• _Task to complete_: Reproduce the records below exactly as they appear.

• _Given information_:
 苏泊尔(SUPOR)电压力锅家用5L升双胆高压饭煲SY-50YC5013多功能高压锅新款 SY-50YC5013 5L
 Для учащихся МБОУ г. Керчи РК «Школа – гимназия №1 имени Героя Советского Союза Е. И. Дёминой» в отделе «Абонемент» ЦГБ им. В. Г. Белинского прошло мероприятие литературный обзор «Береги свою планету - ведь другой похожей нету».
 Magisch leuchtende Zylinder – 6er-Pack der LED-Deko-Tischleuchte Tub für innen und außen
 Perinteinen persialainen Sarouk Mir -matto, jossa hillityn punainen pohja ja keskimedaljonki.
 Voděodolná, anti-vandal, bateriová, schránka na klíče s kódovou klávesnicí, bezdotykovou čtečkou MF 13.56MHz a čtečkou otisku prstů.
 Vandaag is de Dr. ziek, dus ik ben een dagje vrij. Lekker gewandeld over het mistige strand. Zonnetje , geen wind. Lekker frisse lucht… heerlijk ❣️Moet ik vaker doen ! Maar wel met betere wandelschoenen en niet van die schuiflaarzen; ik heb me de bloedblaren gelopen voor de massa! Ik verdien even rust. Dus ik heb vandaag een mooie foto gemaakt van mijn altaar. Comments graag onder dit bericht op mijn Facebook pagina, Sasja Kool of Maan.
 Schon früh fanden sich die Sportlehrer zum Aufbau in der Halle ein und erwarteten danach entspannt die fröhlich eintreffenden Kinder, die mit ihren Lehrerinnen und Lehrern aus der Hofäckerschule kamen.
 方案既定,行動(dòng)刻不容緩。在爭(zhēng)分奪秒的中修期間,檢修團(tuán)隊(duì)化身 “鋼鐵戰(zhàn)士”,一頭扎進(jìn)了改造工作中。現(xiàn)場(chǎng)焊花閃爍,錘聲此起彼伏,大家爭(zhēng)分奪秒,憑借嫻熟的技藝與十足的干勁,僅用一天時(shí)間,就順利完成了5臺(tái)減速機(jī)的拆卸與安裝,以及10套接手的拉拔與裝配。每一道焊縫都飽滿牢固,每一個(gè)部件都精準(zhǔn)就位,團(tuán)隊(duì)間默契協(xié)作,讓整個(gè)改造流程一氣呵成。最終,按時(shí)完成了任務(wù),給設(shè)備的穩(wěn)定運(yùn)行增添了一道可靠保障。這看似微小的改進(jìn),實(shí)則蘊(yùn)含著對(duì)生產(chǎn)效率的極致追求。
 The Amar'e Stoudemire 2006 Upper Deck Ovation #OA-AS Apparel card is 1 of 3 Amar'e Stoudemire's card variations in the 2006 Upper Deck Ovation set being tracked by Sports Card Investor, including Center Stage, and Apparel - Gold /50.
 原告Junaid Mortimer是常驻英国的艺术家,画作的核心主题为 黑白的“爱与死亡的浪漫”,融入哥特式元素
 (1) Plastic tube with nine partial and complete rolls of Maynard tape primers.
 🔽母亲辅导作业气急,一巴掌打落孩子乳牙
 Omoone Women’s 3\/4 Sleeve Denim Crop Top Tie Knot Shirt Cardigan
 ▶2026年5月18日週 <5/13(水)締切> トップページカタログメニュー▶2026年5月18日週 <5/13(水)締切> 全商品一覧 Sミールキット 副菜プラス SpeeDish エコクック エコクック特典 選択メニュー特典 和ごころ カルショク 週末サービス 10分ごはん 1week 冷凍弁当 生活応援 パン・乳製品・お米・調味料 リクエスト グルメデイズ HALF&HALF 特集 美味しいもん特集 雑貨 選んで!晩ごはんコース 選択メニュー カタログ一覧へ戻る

• _Task solution_:
 苏泊尔(SUPOR)电压力锅家用5L升双胆高压饭煲SY-50YC5013多功能高压锅新款 SY-50YC5013 5L
 Для учащихся МБОУ г. Керчи РК «Школа – гимназия №1 имени Героя Советского Союза Е. И. Дёминой» в отделе «Абонемент» ЦГБ им. В. Г. Белинского прошло мероприятие литературный обзор «Береги свою планету - ведь другой похожей нету».
 Magisch leuchtende Zylinder – 6er-Pack der LED-Deko-Tischleuchte Tub für innen und außen
 Perinteinen persialainen Sarouk Mir -matto, jossa hillityn punainen pohja ja keskimedaljonki.
 Voděodolná, anti-vandal, bateriová, schránka na klíče s kódovou klávesnicí, bezdotykovou čtečkou MF 13.56MHz a čtečkou otisku prstů.
 Vandaag is de Dr. ziek, dus ik ben een dagje vrij. Lekker gewandeld over het mistige strand. Zonnetje , geen wind. Lekker frisse lucht… heerlijk ❣️Moet ik vaker doen ! Maar wel met betere wandelschoenen en niet van die schuiflaarzen; ik heb me de bloedblaren gelopen voor de massa! Ik verdien even rust. Dus ik heb vandaag een mooie foto gemaakt van mijn altaar. Comments graag onder dit bericht op mijn Facebook pagina, Sasja Kool of Maan.
 Schon früh fanden sich die Sportlehrer zum Aufbau in der Halle ein und erwarteten danach entspannt die fröhlich eintreffenden Kinder, die mit ihren Lehrerinnen und Lehrern aus der Hofäckerschule kamen.
 方案既定,行動(dòng)刻不容緩。在爭(zhēng)分奪秒的中修期間,檢修團(tuán)隊(duì)化身 “鋼鐵戰(zhàn)士”,一頭扎進(jìn)了改造工作中。現(xiàn)場(chǎng)焊花閃爍,錘聲此起彼伏,大家爭(zhēng)分奪秒,憑借嫻熟的技藝與十足的干勁,僅用一天時(shí)間,就順利完成了5臺(tái)減速機(jī)的拆卸與安裝,以及10套接手的拉拔與裝配。每一道焊縫都飽滿牢固,每一個(gè)部件都精準(zhǔn)就位,團(tuán)隊(duì)間默契協(xié)作,讓整個(gè)改造流程一氣呵成。最終,按時(shí)完成了任務(wù),給設(shè)備的穩(wěn)定運(yùn)行增添了一道可靠保障。這看似微小的改進(jìn),實(shí)則蘊(yùn)含著對(duì)生產(chǎn)效率的極致追求。
 The Amar'e Stoudemire 2006 Upper Deck Ovation #OA-AS Apparel card is 1 of 3 Amar'e Stoudemire's card variations in the 2006 Upper Deck Ovation set being tracked by Sports Card Investor, including Center Stage, and Apparel - Gold /50.
 原告Junaid Mortimer是常驻英国的艺术家,画作的核心主题为 黑白的“爱与死亡的浪漫”,融入哥特式元素
 (1) Plastic tube with nine partial and complete rolls of Maynard tape primers.
 🔽母亲辅导作业气急,一巴掌打落孩子乳牙
 Omoone Women’s 3\/4 Sleeve Denim Crop Top Tie Knot Shirt Cardigan
 ▶2026年5月18日週 <5/13(水)締切> トップページカタログメニュー▶2026年5月18日週 <5/13(水)締切> 全商品一覧 Sミールキット 副菜プラス SpeeDish エコクック エコクック特典 選択メニュー特典 和ごころ カルショク 週末サービス 10分ごはん 1week 冷凍弁当 生活応援 パン・乳製品・お米・調味料 リクエスト グルメデイズ HALF&HALF 特集 美味しいもん特集 雑貨 選んで!晩ごはんコース 選択メニュー カタログ一覧へ戻る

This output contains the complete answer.